*DATA EXTRACT*:

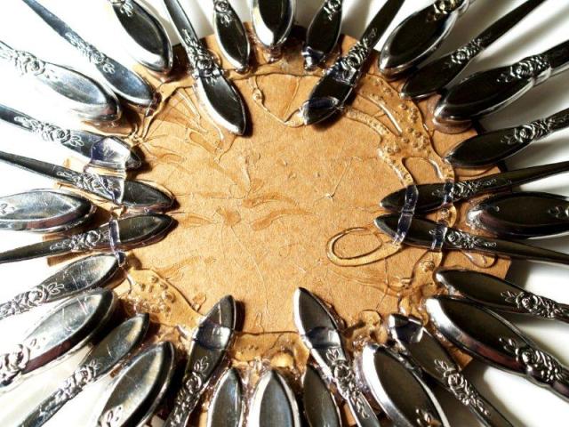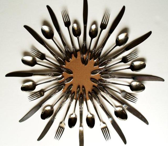Весьма экстравагантно, но от того не менее шикарно и оригинально будет выглядеть на кухне зеркало в рамке из столовых приборов. Чтобы сделать такую вещь своими руками, приготовьте следующие материалы:
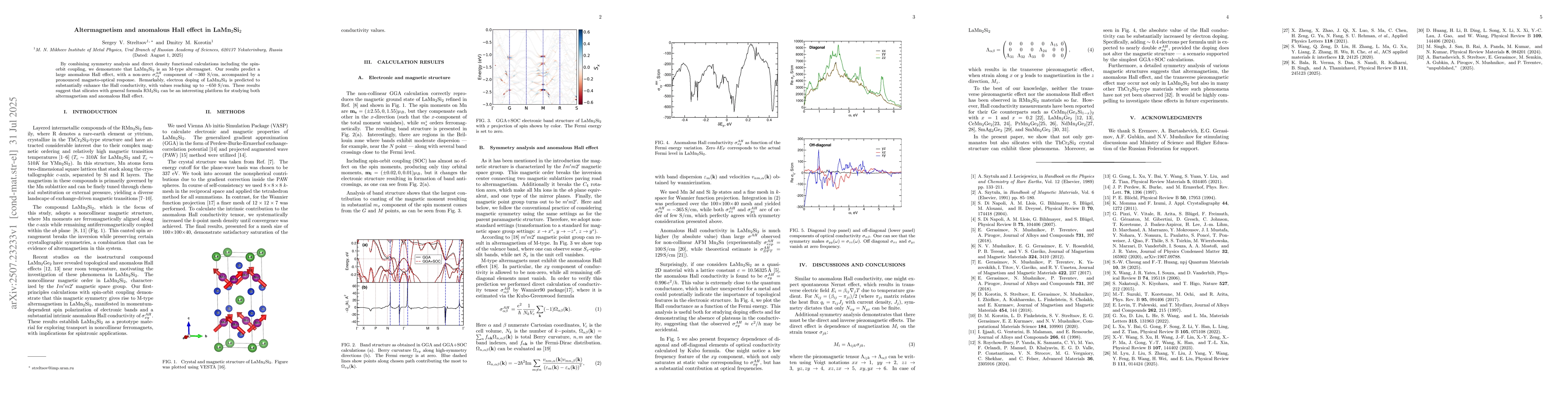 By combining symmetry analysis and direct density functional calculations including the spin-orbit coupling, we demonstrate that LaMn2Si2 is an M-type altermagnet. Our results predict a large anomalous Hall effect, with a non-zero xy component of -360 S/cm, accompanied by a pronounced magneto-optical response. Remarkably, electron doping of LaMn2Si2 is predicted to substantially enhance the Hall conductivity, with values reaching up to -650 S/cm. These results suggest that silicates with general formula RM2Si2 can be an interesting platform for studying both altermagnetism and anomalous Hall effect.
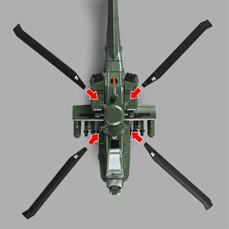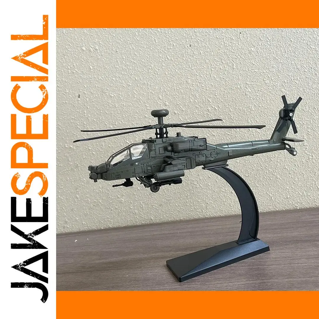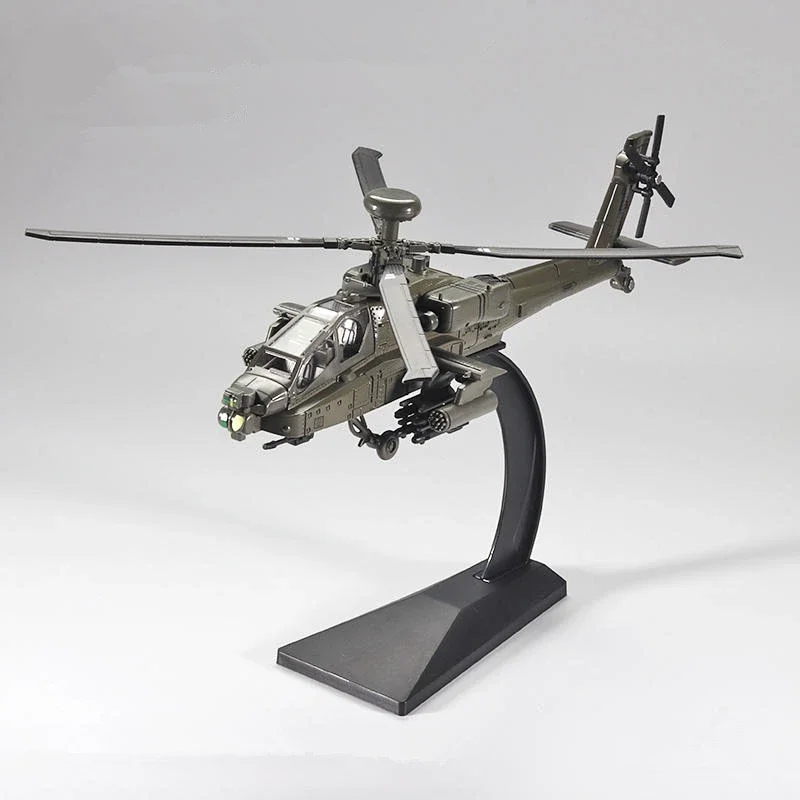 Discover this highly detailed 1:64 scale diecast model of the AH-64 Apache utility helicopter, crafted from alloy and plastic with a sleek military gray finish. This authentic replica features finely etched panel lines, antennas, sensors, and weapon mounts, highlighting its realism. The transparent cockpit canopy reveals meticulous interior details. The model is mounted on a modern black stand, creating a dynamic hovering appearance that captures the helicopter in motion. Designed as a collectible for enthusiasts, it includes sound and light features to enhance display appeal, perfect for those who appreciate precision craftsmanship and military realism. Suitable for ages 14 and above.
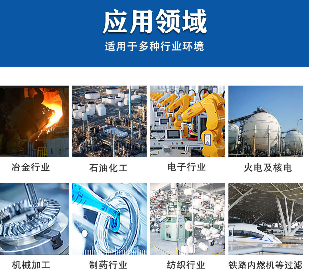 鋼鐵的高爐鼓風(fēng)、離心式空壓機、燃?xì)廨啓C、需長時間運轉(zhuǎn)的柴油機及汽輪機、對空氣潔凈度要求較高的集中式中央空調(diào)系統(tǒng)以及其它大型機組的入口過濾和粉塵涂裝的粉末回收系統(tǒng)
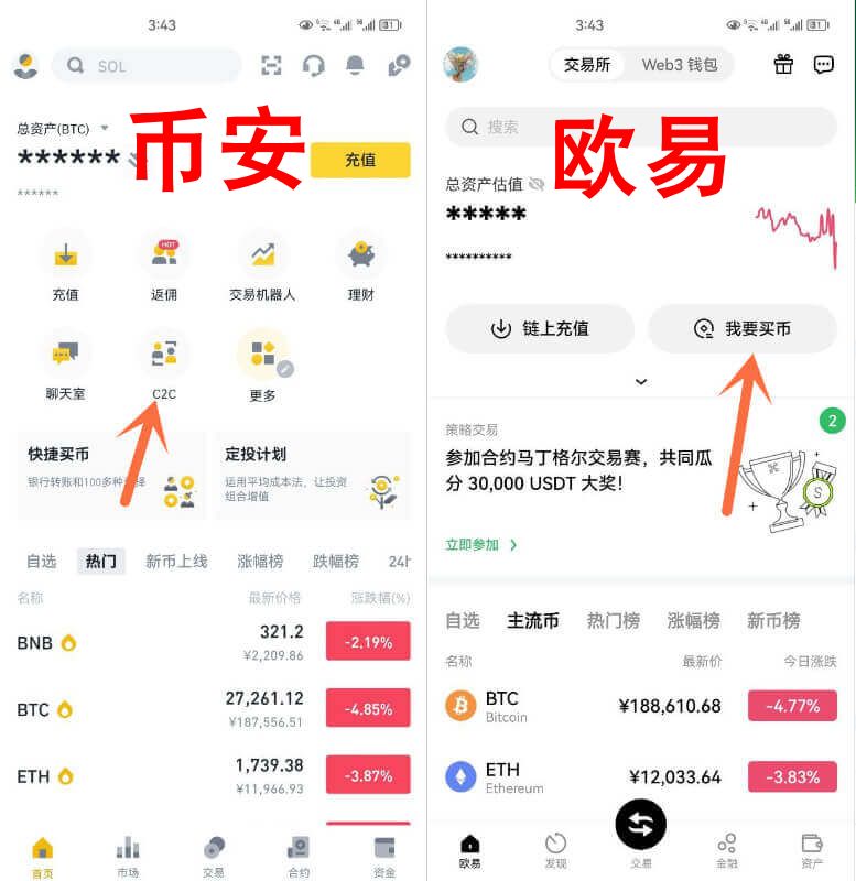 因为各交易所App的用户界面经常更新,上方的描述可能不准确,但是只要搞懂了C2C交易的含义,相信都可以轻松找到C2C入口。
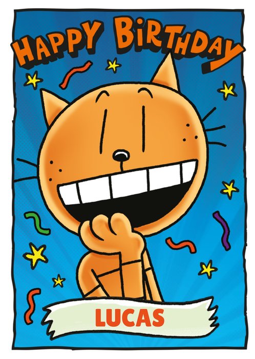 Featuring Petey the Cat with a huge toothy grin and one paw held to his chin, surrounded by colourful confetti streamers and yellow stars, with a cream ribbon banner at the bottom for a name, on a bright blue background.
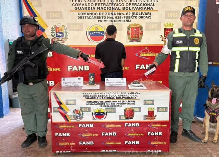 Efectivos militares de la Fanb, adscritos al Comando de Zona de la Guardia Nacional Bolivariana Nro. 62 Bolívar, en trabajo conjunto con la Unidad Regional de Inteligencia Antidrogas Nro. 62 (Uria-62) Bolívar, lograron la aprehensión de un ciudadano y la incautación de sustancias ilícitas en el Punto de Atención al Ciudadano (PAC) “Peaje de Palo Grande”.
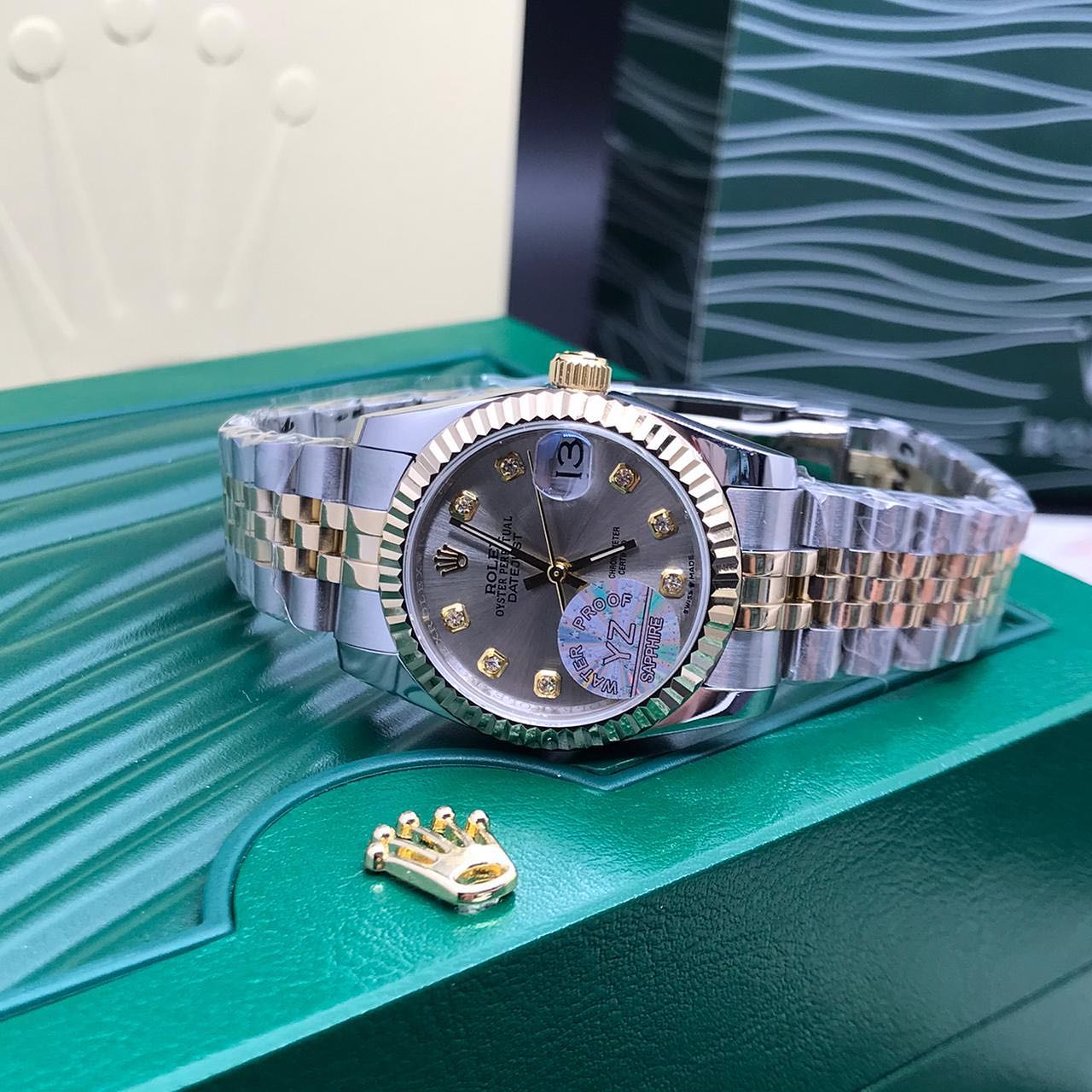 Корпус сталь 31мм, механика с автоподзаводом, стекло сапфир сдерживает мелкие царапины, камни цирконы.
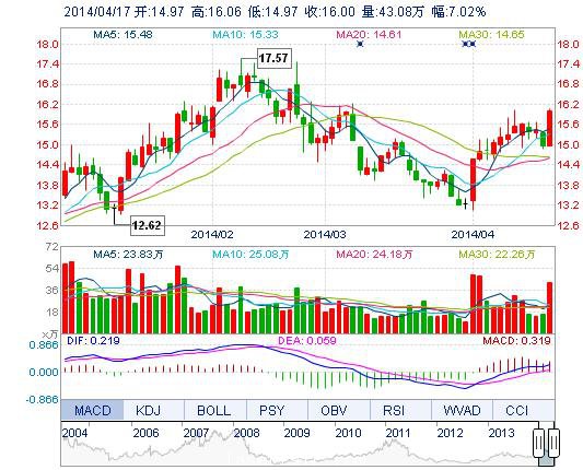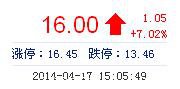 今開: 14.97 成交量: 43.08萬手 振幅: 7.29% 最高: 16.06 成交額: 6.77億元 換手率: 4.52% 最低: 14.97 總市值: 168.36億 市凈率: 4.78 昨收: 14.95 流通市值...
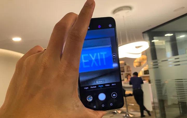 Notice that little pink/purple AI logo? That's the AI camera feature at work, which does scene recognition (in this picture it thinks the EXIT sign is the moon) and automatically applies the appropriate settings for the best image.

*WORK REQUIRED*: Exact copies of all the entries are needed; output them without the pictures.

*SOLUTION TO THIS EXERCISE*:
Весьма экстравагантно, но от того не менее шикарно и оригинально будет выглядеть на кухне зеркало в рамке из столовых приборов. Чтобы сделать такую вещь своими руками, приготовьте следующие материалы:
 By combining symmetry analysis and direct density functional calculations including the spin-orbit coupling, we demonstrate that LaMn2Si2 is an M-type altermagnet. Our results predict a large anomalous Hall effect, with a non-zero xy component of -360 S/cm, accompanied by a pronounced magneto-optical response. Remarkably, electron doping of LaMn2Si2 is predicted to substantially enhance the Hall conductivity, with values reaching up to -650 S/cm. These results suggest that silicates with general formula RM2Si2 can be an interesting platform for studying both altermagnetism and anomalous Hall effect.
 Discover this highly detailed 1:64 scale diecast model of the AH-64 Apache utility helicopter, crafted from alloy and plastic with a sleek military gray finish. This authentic replica features finely etched panel lines, antennas, sensors, and weapon mounts, highlighting its realism. The transparent cockpit canopy reveals meticulous interior details. The model is mounted on a modern black stand, creating a dynamic hovering appearance that captures the helicopter in motion. Designed as a collectible for enthusiasts, it includes sound and light features to enhance display appeal, perfect for those who appreciate precision craftsmanship and military realism. Suitable for ages 14 and above.
 鋼鐵的高爐鼓風(fēng)、離心式空壓機、燃?xì)廨啓C、需長時間運轉(zhuǎn)的柴油機及汽輪機、對空氣潔凈度要求較高的集中式中央空調(diào)系統(tǒng)以及其它大型機組的入口過濾和粉塵涂裝的粉末回收系統(tǒng)
 因为各交易所App的用户界面经常更新,上方的描述可能不准确,但是只要搞懂了C2C交易的含义,相信都可以轻松找到C2C入口。
 Featuring Petey the Cat with a huge toothy grin and one paw held to his chin, surrounded by colourful confetti streamers and yellow stars, with a cream ribbon banner at the bottom for a name, on a bright blue background.
 Efectivos militares de la Fanb, adscritos al Comando de Zona de la Guardia Nacional Bolivariana Nro. 62 Bolívar, en trabajo conjunto con la Unidad Regional de Inteligencia Antidrogas Nro. 62 (Uria-62) Bolívar, lograron la aprehensión de un ciudadano y la incautación de sustancias ilícitas en el Punto de Atención al Ciudadano (PAC) “Peaje de Palo Grande”.
 Корпус сталь 31мм, механика с автоподзаводом, стекло сапфир сдерживает мелкие царапины, камни цирконы.
 今開: 14.97 成交量: 43.08萬手 振幅: 7.29% 最高: 16.06 成交額: 6.77億元 換手率: 4.52% 最低: 14.97 總市值: 168.36億 市凈率: 4.78 昨收: 14.95 流通市值...
 Notice that little pink/purple AI logo? That's the AI camera feature at work, which does scene recognition (in this picture it thinks the EXIT sign is the moon) and automatically applies the appropriate settings for the best image.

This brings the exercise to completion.